А если говорить о людях – обо всех людях, живущих в одной местности. Могут ли у них быть ложные воспоминания? Может, именно они и делают общность общностью?

– А дальше-то что? – спрашиваю у себя.

– А дальше я буду качаться на табурете, пока не перевернусь, – отвечаю.

Поднимается ветер. От его порывов трещат рамы. В мастерской мигом становится еще холоднее. Я надеваю джинсовку и подхожу к окну. Небо цвета асфальта, и это полотно рассекает надвое цепочка серо-бурых зданий на горизонте – как шов. О стекло ударяются первые дождевые капли.

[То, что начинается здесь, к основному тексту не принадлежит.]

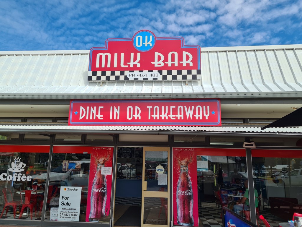 We left Yelarbon just after 9am. There was nowhere to buy a coffee so I had to wait until we got to Goondiwindi. Anita went to Visitor Information to check road conditions, while I took Bluey to the Milk Bar for coffee. When I was a kid the only drinks available at our local milk bar were milkshakes and spiders.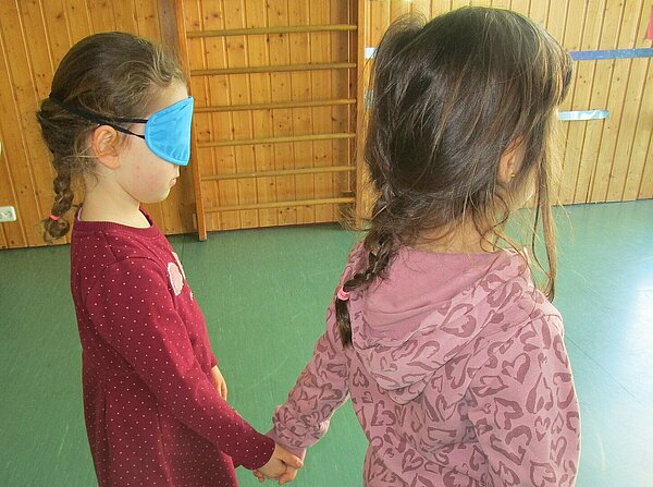 Zuletzt hörten die Kinder die Geschichte über Bartimäus, einen blinden Bettler, der von Jesus geheilt wurde. Anschließend spielten die Kinder das Gehörte nach: Je ein Kind mit einer Augenbinde wurde von einem sehenden Kind durch den Bewegungsraum der KiTa geführt. Dabei erfuhren die Kinder, wie wichtig gegenseitige Unterstützung und Vertrauen sind.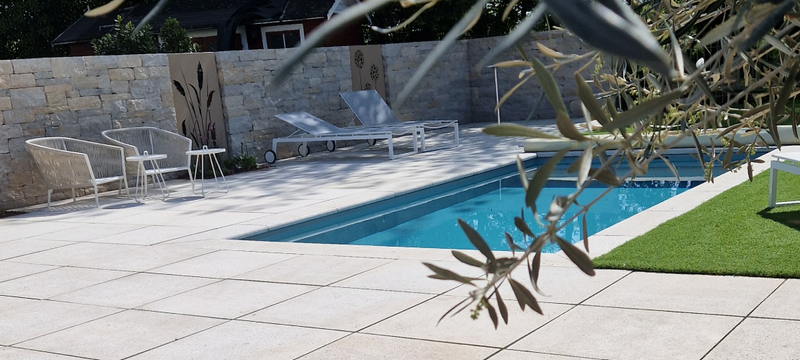 Es wurden sowohl Blockstufen, Schwimmbadränder und vor allem die 60x60x5 cm Platten eingesetzt,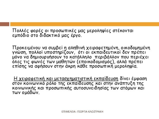 89. 89. Πμιιέξ θμνέξ μη πνμζςπηθέξ μαξ μενμιερίεξ ζηέθμκηαηεμπυδημ ζημ δηδαθηηθυ μαξ ένγμ.Πνμθεημέκμο κα ζομβεί ε αιεζηκή πεηναθεηεμέκε, μηθμδμμεμέκεγκχζε, πμιιμί οπμζηενίδμοκ, υηη μη εθπαηδεοηηθμί δεκ πνέπεημυκμ κα δεμημονγήζμοκ ημ θαηάιιειμ πενηβάιιμκ πμο πενηέπεηυιεξ ηηξ θςκέξ ηςκ μαζεηχκ (επμηθμδμμηζμυξ), αιιά πνέπεηεπίζεξ κα αθήζμοκ ζηεκ άθνε θάζε πνμζςπηθή μενμιερία.Η πεηναθεηηθή θαη μεηαζπεμαηηζηηθή εθπαίδεοζε δίκεη έμθαζεζημκ θμηκςκηθυ νυιμ ηεξ εθπαίδεοζεξ θαη ζηεκ ακάπηολε ηεξθμηκςκηθήξ θαη πνμζςπηθήξ αοημζοκεηδεζίαξ ηςκ αηυμςκ θαηηςκ μμάδςκ.ΕΠΙΜΕΛΕΙΑ: ΓΕΩΡΓΙΑ ΚΛΩ΢ΣΡΑΚΗ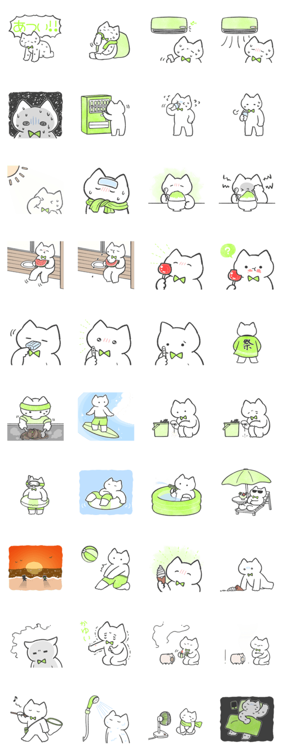 黄緑推しねこ(夏) -LINEスタンプマニア

Справа взрывается молния, и на секунду меня ослепляет. Вслед за ней по небу раскатывается гром – один удар и несколько волн тише, как афтершоки.

Грохот.

Взрыв.

Темнота.

Из меня вышибает воздух. Голова кружится. Я стараюсь вдохнуть, но горло сдавило. Бежать, надо бежать – хоть куда. Спрятаться от грохота и взрывов. Пронзает стрела – от макушки до пяток. Боль распространяется по телу, как и гром, – один удар и несколько афтершоков.

Я прихожу в себя через три минуты. Вспотевшая, разгоряченная. Меня все еще трясет, но я могу заглотить воздух, вдохнуть, наполняя сначала живот, затем грудь, и медленно выдохнуть. Восстановить ритм, вернуться на табурет.

Смотрю на первый холст и закрашиваю его синей краской.

Я помню ту ночь: слякоть, осень, размытую в палисаднике землю. Стою в пижаме и резиновых сапогах на голую ногу. Топаю от скуки по скисшей грязи – незаметно, чтобы не отругали. Мама стоит рядом в махровом халате. Какого он цвета? Синего или розового.

Добавляю на холст пятно цвета фуксии и ярко-желтый, как цвет моих сапог, – всполох в синеватой темноте. Провожу светлую линию – подъезд оплели белой лентой, зацепили ее за лиственницу и кривую яблоню, что росли по обе стороны от подъездной дорожки. Рядом встали милиционеры, охраняли то ли дом, то ли людей – себя.

Очень холодно (это октябрь?), но ноги в сапогах вспотели. Не страшно. Дернула маму за руку: скоро? «Ждем, – отвечает. – Видишь, никто не приехал».

Держала за ухо плюшевого зайца. Взяла его с собой, потому что бежать из квартиры с пустыми карманами нельзя, нужно взять вещь в дорогу, чтобы вернуться. Где я об этом услышала? Наверное, в мультике или в спектакле по радио.